*** Opening of Data block ***

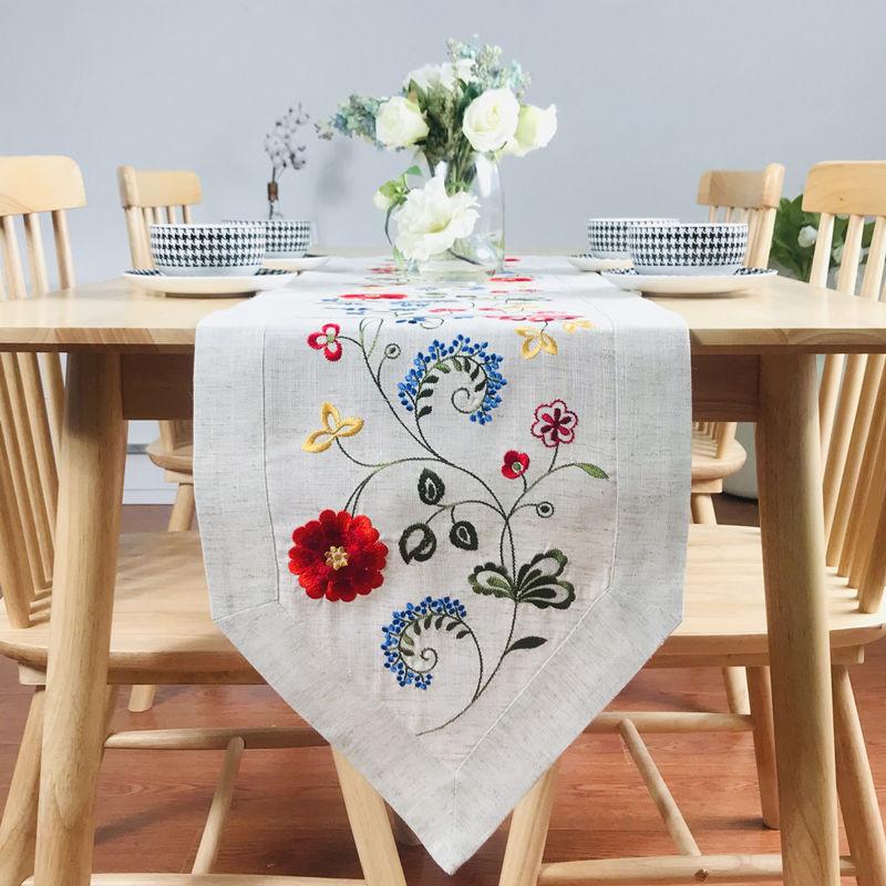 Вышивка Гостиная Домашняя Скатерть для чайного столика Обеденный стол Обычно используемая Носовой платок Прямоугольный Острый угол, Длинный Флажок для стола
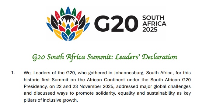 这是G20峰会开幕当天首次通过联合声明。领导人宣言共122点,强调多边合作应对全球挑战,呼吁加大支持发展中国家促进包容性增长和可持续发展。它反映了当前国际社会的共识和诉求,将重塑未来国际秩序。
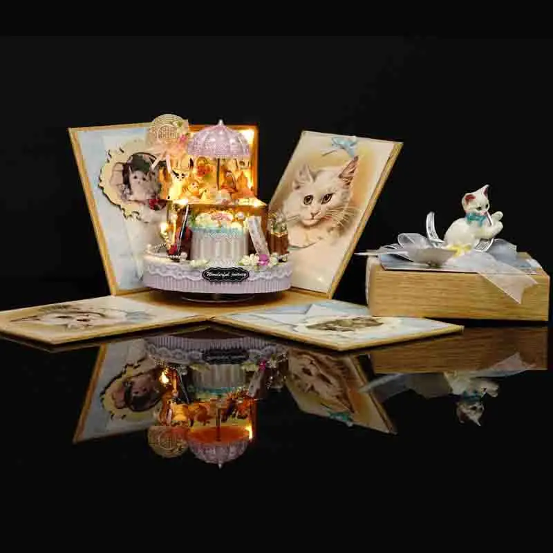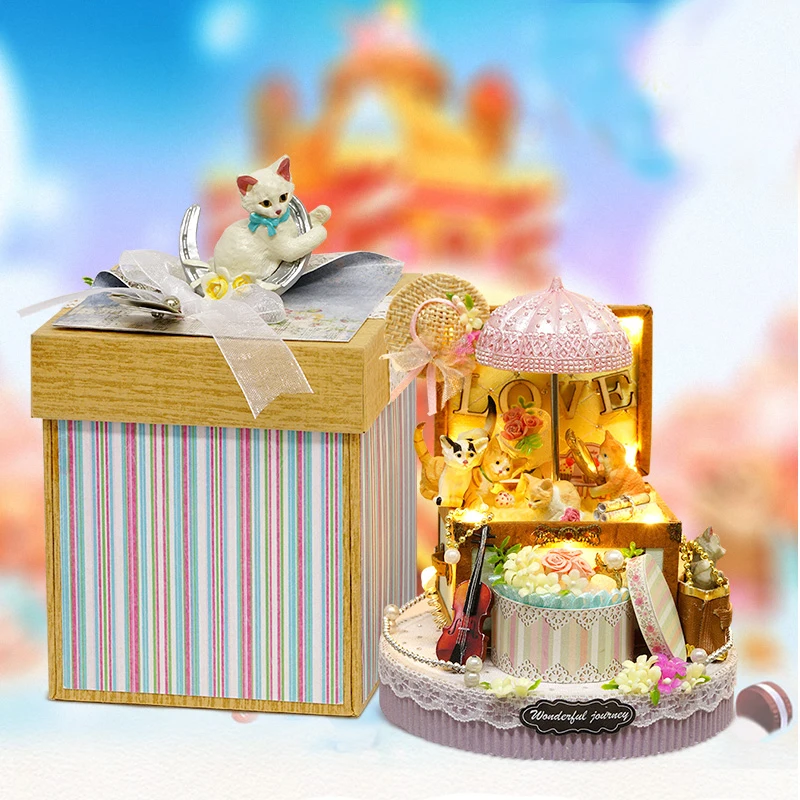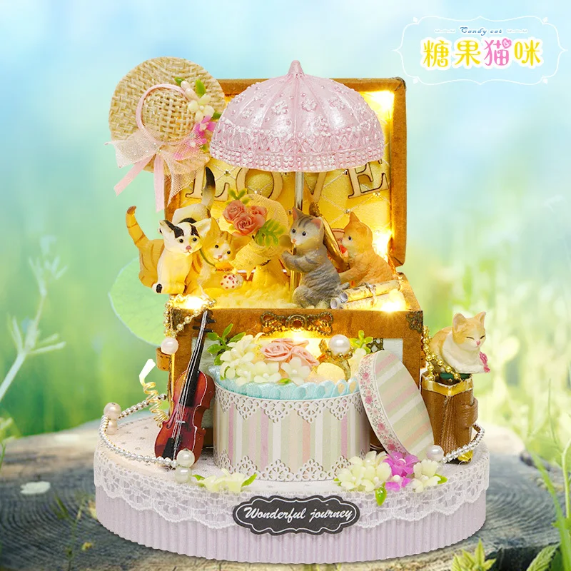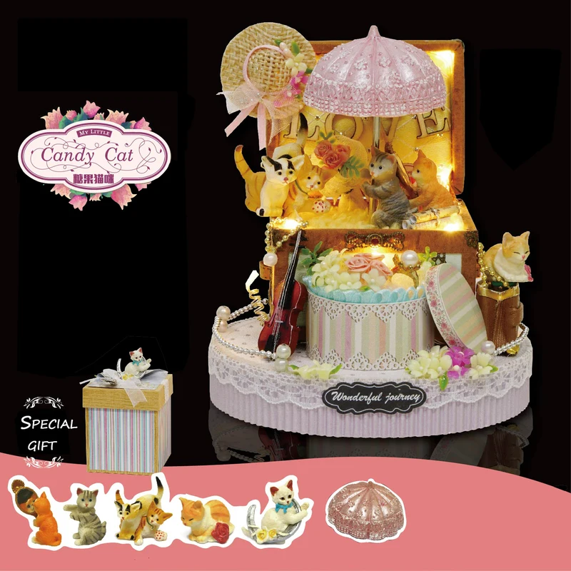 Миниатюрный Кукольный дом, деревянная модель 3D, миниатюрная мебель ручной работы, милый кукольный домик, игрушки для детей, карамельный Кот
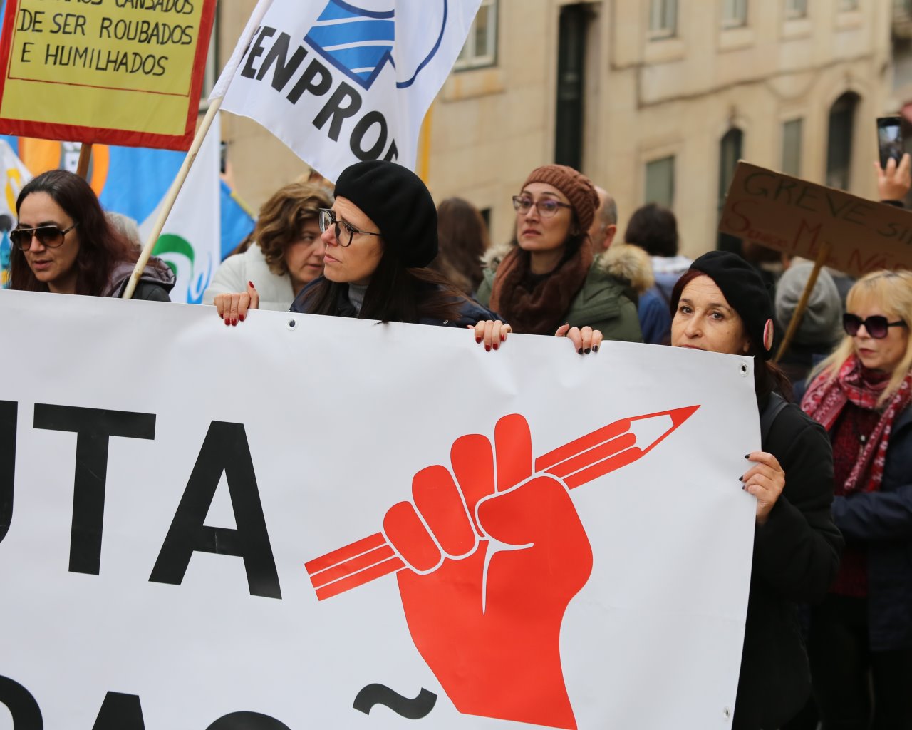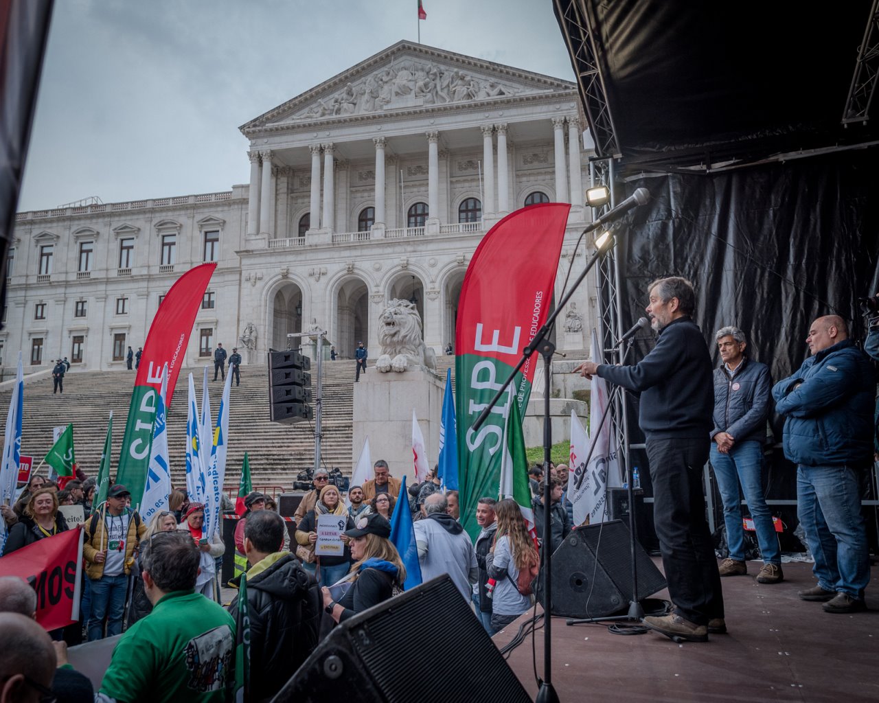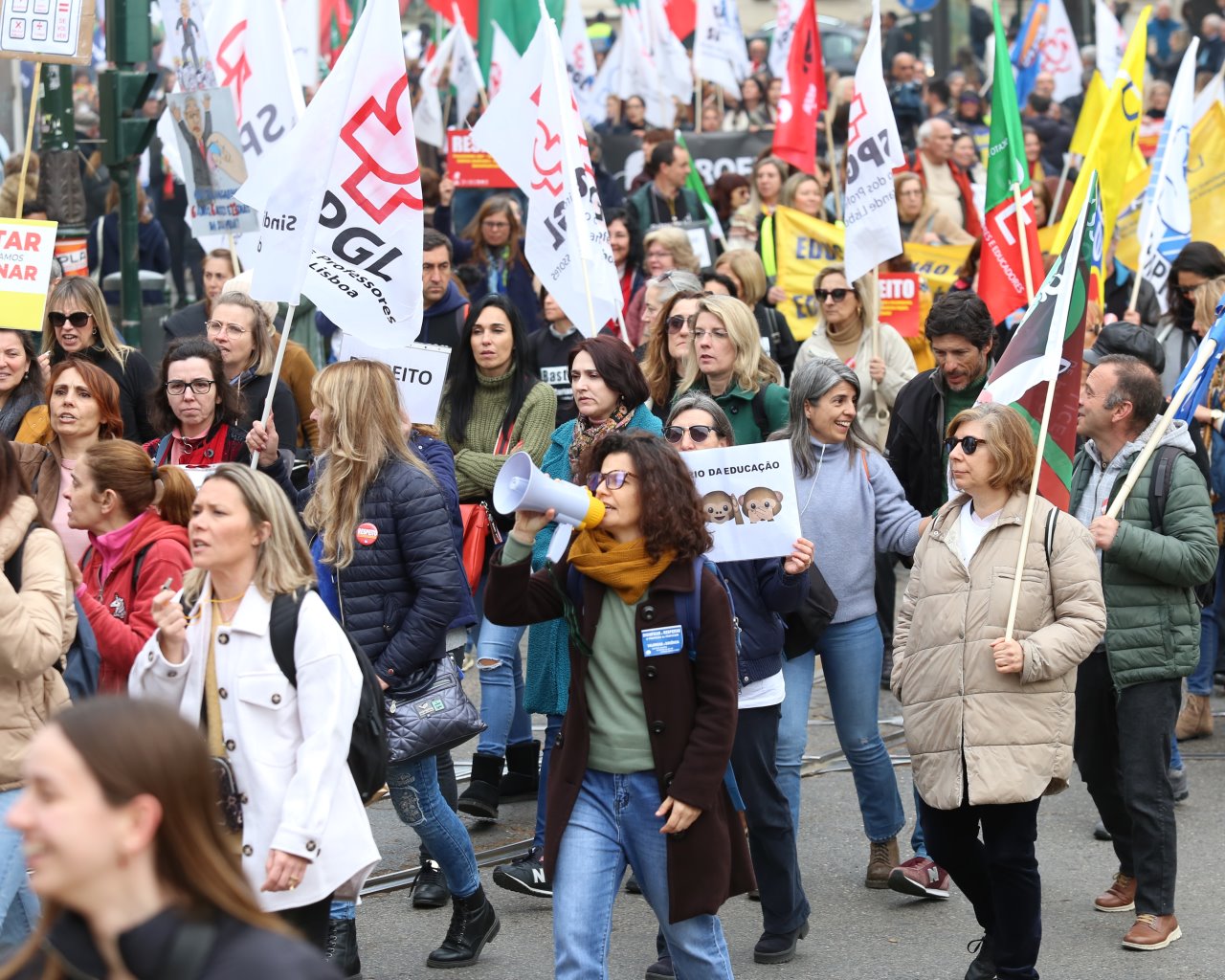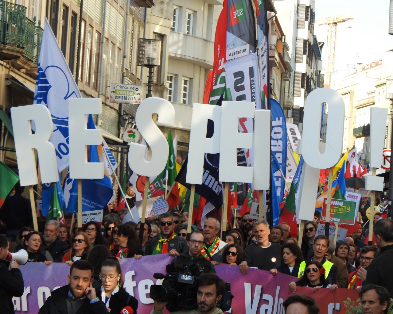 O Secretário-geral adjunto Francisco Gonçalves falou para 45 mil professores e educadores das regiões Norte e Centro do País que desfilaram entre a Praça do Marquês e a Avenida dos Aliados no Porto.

*** Close of Data block ***

Task objective: Before writing out the material above, please remove its pictures; everything else stays exact.

Exercise answer:
 Вышивка Гостиная Домашняя Скатерть для чайного столика Обеденный стол Обычно используемая Носовой платок Прямоугольный Острый угол, Длинный Флажок для стола
 这是G20峰会开幕当天首次通过联合声明。领导人宣言共122点,强调多边合作应对全球挑战,呼吁加大支持发展中国家促进包容性增长和可持续发展。它反映了当前国际社会的共识和诉求,将重塑未来国际秩序。
 Миниатюрный Кукольный дом, деревянная модель 3D, миниатюрная мебель ручной работы, милый кукольный домик, игрушки для детей, карамельный Кот
 O Secretário-geral adjunto Francisco Gonçalves falou para 45 mil professores e educadores das regiões Norte e Centro do País que desfilaram entre a Praça do Marquês e a Avenida dos Aliados no Porto.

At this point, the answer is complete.